Secondary school in the state of Selangor, Malaysia

Sekolah Menengah Kebangsaan Bandar Saujana Putra (Note: Can be written in English as "Bandar Saujana Putra National Secondary School".) (shorten to SMK Bandar Saujana Putra or SAPUTRA) is a national secondary school located in Bandar Saujana Putra, Selangor, Malaysia. This school is located under the authority of the Kuala Langat District Education Office.

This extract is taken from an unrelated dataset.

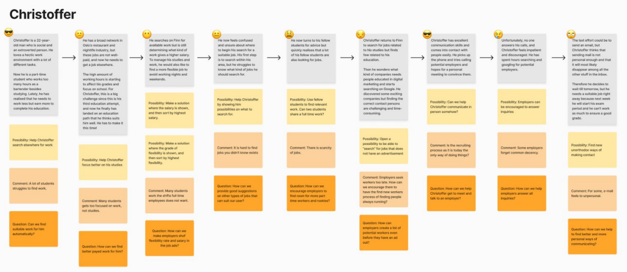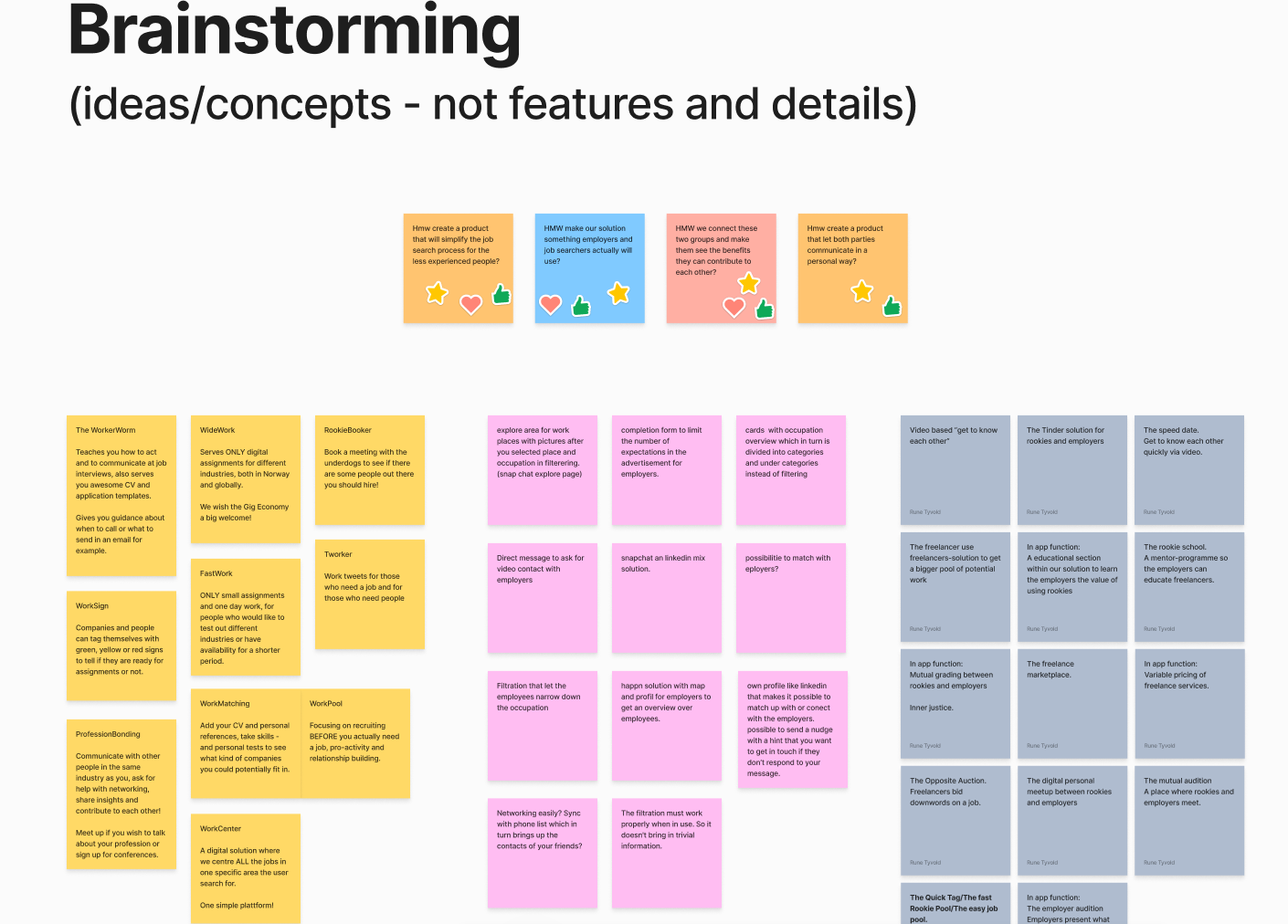 We were tasked to develop a solution to help people struggling to find suitable work and explore the job search process for two target groups: Full-time or part-time students and digital nomads (freelancers). From the brief, we read that both these groups can experience challenges finding work when they need it. At the same time, employers struggle to find suitable resources at short notice. The world is also evolving, and digital tools and systems are developing extremely fast, making us more digital than ever. This growth also affects the labor market, where the term Gig Economy has occurred.

The school code for SMK Bandar Saujana Putra is BEA1075.

== History ==
After 19 years of Bandar Saujana Putra being established (2003), SMK Bandar Saujana Putra was opened in March, 2022.

== School amenities ==

=== Main blocks/building ===
There are 5 main building at SMK Bandar Saujana Putra: the Knowledge block (Blok Ilmu), the Commitment block (Blok Iltizam), the Dedication block (Blok Dedikasi), the Leadership block (Blok Kepimpinan), and the Workshop block (Blok Bengkel). These buildings have 4 floors with workshop facilities, laboratories, rooms, etc. Notable facilities/rooms were KOSAPUTRA (school cooperative, koperasi sekolah) and bookshop in the Dedication block, while school musalla, discipline room, and the school office in the Leadership block.

=== Other amenities ===

- Hall: This school hall is used for assemblies, gymnasiums, etc. At the back of this hall, there are also toilets and water taps for male students to perform ablution (wudu).
- Canteen: The canteen located next to the hall provides a variety of food and drinks at reasonable prices. There is also a cafeteria for teachers located next to the canteen.
- Field: Located behind the Workshop block, this field is used for physical education activities and other sports activities. This field has a small pavilion. This field is also shared with the school located next to it, namely SK Saujana Putra.

== School song ==

Title: Persada SAPUTRA Composer: Muzaiful Dani Lyrics: Nurul Aina Sofia binti Azman
| Lyrics in Malay (original) |
| Putera Puteri SAPUTRA Generasi celik harapan bangsa Di medan ilmu berakhlak jaya Insan berilmu nadi negara Putera Puteri SAPUTRA Generasi celik harapan bangsa Nasihat pujangga pedoman jiwa Iltizam berpanji agama Mendidik, Dididik, Terdidik Mencurah keringat dedikasi Putera Puteri generasi celik Mara menggenggam Ilmu dijulang Menjunjung mandat negara tercinta Impian dan harapan pasti dicapai Ilmu Iltizam Dedikasi Di Persada SAPUTRA terbilang |

== Co-curricular activities ==

=== Sports ===

==== Sports houses ====
There are 5 sports houses in this school:

- Challenger
- Columbia
- Discovery
- Atlantis
- Endeavour

==== Sports and games ====

1. Badminton
2. Handball
3. Netball
4. Football
5. Volleyball
6. Tenpin bowling
7. Chess
8. Hockey
9. Athletics
10. Sepak takraw

=== Clubs and associations ===

1. English language
2. Malay language
3. Young Doctors (Doktor Muda)
4. Photographer
5. ICT
6. Career
7. Entrepreneurship
8. Crime Prevention (Pencegahan Jenayah)
9. Islamic education
10. Rukun Negara
11. Arts and Culture (Note: Also known as the Arts of Music Club)
12. SPBT (Skim Pinjaman Buku Teks; in Textbook Loan Scheme)
13. STEM

=== Uniformed unit ===

1. Scouts
2. BSMM (Bulan Sabit Merah Malaysia; in English: Malaysian Red Crescent)
3. Fire & Rescue Cadets
4. Police Cadets
5. Girl Guides (Pandu Puteri)
6. Islamic Princess (Puteri Islam)
7. Civil Defense School Cadets
8. School Youth Cadet Corps (Kadet Remaja Sekolah)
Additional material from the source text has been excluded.